Topics for today!

  1. Hierarchical clustering in R
  2. NbClust
  3. Exploring different link functions

Data for today

setwd("~/Desktop/R Materials/mih140/Lecture 24 - Unsupervised Learning II")
cereal = read.table("BreakfastCereals.txt", sep = "\t", header = T) # 43 Cereals from Europe

cereal.std = data.frame(scale(cereal[,3:10])) # Scales the numeric columns
cereal.std = cereal.std[sample(nrow(cereal.std)), ] # Shuffles the rows

Topic 1: Hierarchial clustering - An alternate clustering methodology

Qu: Whats a good grouping of the cereals? For instance you might wonder which sorts of cereals are similarly nutritious so you can catagorize cereals as Healthy, Okay, Pure Sugar. This sort of classification can determine how advertisers market their cereals, how it should be displayed, etc.
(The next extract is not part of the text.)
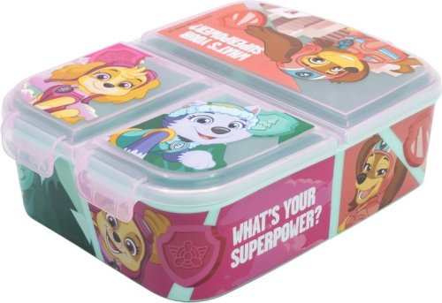 Originální a praktický box na svačinu s více přihrádkami, který si děti mohou s sebou vzít do školy, na hřiště nebo třeba na výlet. Multi box je vyroben z odolného materiálu, vydrží náhodné pády a nárazy při každodenním používání. Tři oddělené přihrádky jsou ideálním řešením pro svačinu o více chodech, které chcete uchovávat zvlášť. V jedné komoře můžete skladovat zdravou zeleninu či ovoce, do druhé připravíte chutný sendvič a do třetí schováte dětem něco dobrého na zub. Box je zdoben atraktivními motivy, děti si ho tak zamilují a rády si ho budou brát všude s sebou. Multi box je vhodný nejen pro ukládání jídla, poslouží i pro úschovu drobných hraček a malých dětských pokladů. Výhody:

It also is just interesting.

Hierarchial Clustering in R

# Lets just look at a few of the features
features = c("Calories", "Protein", "Fat", "Sodium", "Potassium")
dist_mat = dist(cereal.std[,features], method = "euclidean")
hc_single = hclust(d = dist_mat, method = "single", members = as.factor(cereal$Brand))

# Lets plot it
plot(hc_single) # makes a horrible mess

plot(hc_single, labels = as.factor(cereal$Brand), hang = -1) # Much nicer

Topic 2: Finding the best cluster automatically with NbClust

# install.packages("NbClust")
library(NbClust)
num_of_clust = NbClust(cereal.std[,features], distance = "euclidean", min.nc = 2, max.nc = 7, method = "single") # Finds best number of clusters is 3.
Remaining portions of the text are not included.